Biden Administration Announces New APL Landmines Policy

A look at Biden’s new U.S. antipersonnel landmine policy, the progress it represents, and where it falls short.

On June 21, 2022, the Biden Administration announced a new policy on anti-personnel landmines (APL). The announcement comes after a comprehensive review that began in April 2021 and essentially reverses the Trump administrations January 2020 APL policy and reverts back to the policy established by the Obama administration in 2014. In its announcement, the Biden administration stated that it was “committing to limit the use of anti-personnel landmines (APL)” reflecting “the President’s belief that these weapons have disproportionate impact on civilians, including children, long after fighting has stopped, and that we need to curtail the use of APL worldwide.” While the policy is a welcome announcement, it is only the first step in aligning the United States with its partners, allies, and the vast majority of governments in the world on the use of these weapons.

The Biden APL policy undoes the damage caused by the Trump administration, which announced its own policy January 2020 that allowed the production and use of antipersonnel landmines for future conflicts. The approach represented a dangerous roll back decades of US practice and approach, isolated the United States and put American servicemembers and civilians around the globe at risk. 
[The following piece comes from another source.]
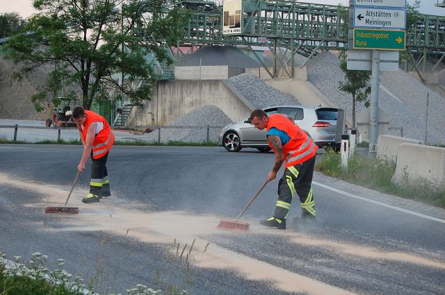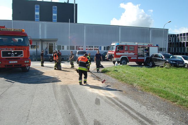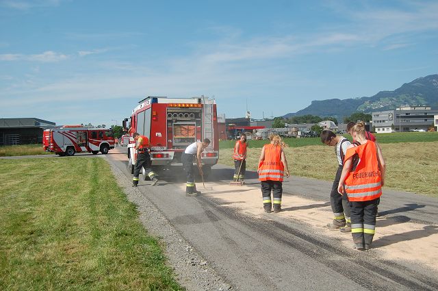 Zur Verhinderung einer Gefährdung der Umwelt und des Straßenverkehrs wurde Bindemittel ausgebracht und eingearbeitet. Die Einsatzstelle wurde im Anschluss durch die Kehrmaschine der Stadt Feldkirch gereinigt und an den Bauhofmitarbeiter übergeben. Der Verursacher der Fahrbahnverunreinigung konnte nicht ausgemittelt werden.

The Biden administration has re-adopted the key elements of the Obama administration’s 2014 policy, in which the United States announced that it would no longer produce, acquire, or replace antipersonnel mines and that the United States would no longer use antipersonnel landmines anywhere in the world except for the Korean Peninsula. It also pledged — outside of Korea — not to assist or otherwise encourage other countries to engage in activities prohibited by the Mine Ban Treaty and to destroy any landmine stocks not required for the defense of South Korea. The Obama administration also said it would work toward U.S. accession to the international Mine Ban Treaty. This was later codified in Presidential Policy Directive 37 (2016).

The January 2020 Trump policy, on the other hand, allowed the United States to develop, produce, and use “non-persistent” landmines (those that have self-destruct or self-deactivation mechanisms) in any area, not limited to the Korean peninsula, wherever combatant commanders deemed necessary. 

The Trump administration’s landmine policy was completely out of step with international norms and previous U.S. policy of the prior 20 years, shocking and frustrating close U.S. allies and partners while putting civilians at risk. Moreover, the growing stigma around their use has meant that the U.S. military has largely abstained from using landmines in military operations around the globe for nearly thirty years. The United States last deployed anti-personnel mines in Iraq and Kuwait in 1991. and since then, has not used landmines, with an exception made for the use of a single antipersonnel mine in Afghanistan in 2002.

While the Biden administration’s return to the 2014 policy is a welcome development, the United States still has a long way to go to be in step with the majority of the world’s governments. One hundred and sixty-four nations have ratified the 1997 Mine Ban Treaty, which prohibits the stockpiling, production, transfer and use of landmines in all circumstances as well as assistance with these prohibited acts.

It’s laudable that the United States is adopting a more appropriate and responsible landmine policy. The United States lost a lot of credibility during the Trump administration on this significant humanitarian issue and though there is still a lot of work to do, we are better placed today to get back to the serious work necessitated by these indiscriminate weapons.

And much work remains to be done. The Biden administration must provide a timeline for the destruction of the 3 million APL in the U.S. stockpile that it mentions in the policy. Further, the Biden administration must announce steps to bring the United States into alignment on cluster munitions with the goal of joining the Cluster Munition Convention and demonstrate the timeline and necessary steps to reach the ultimate goal of the joining the Mine Ban Treaty and removing the Korea exception.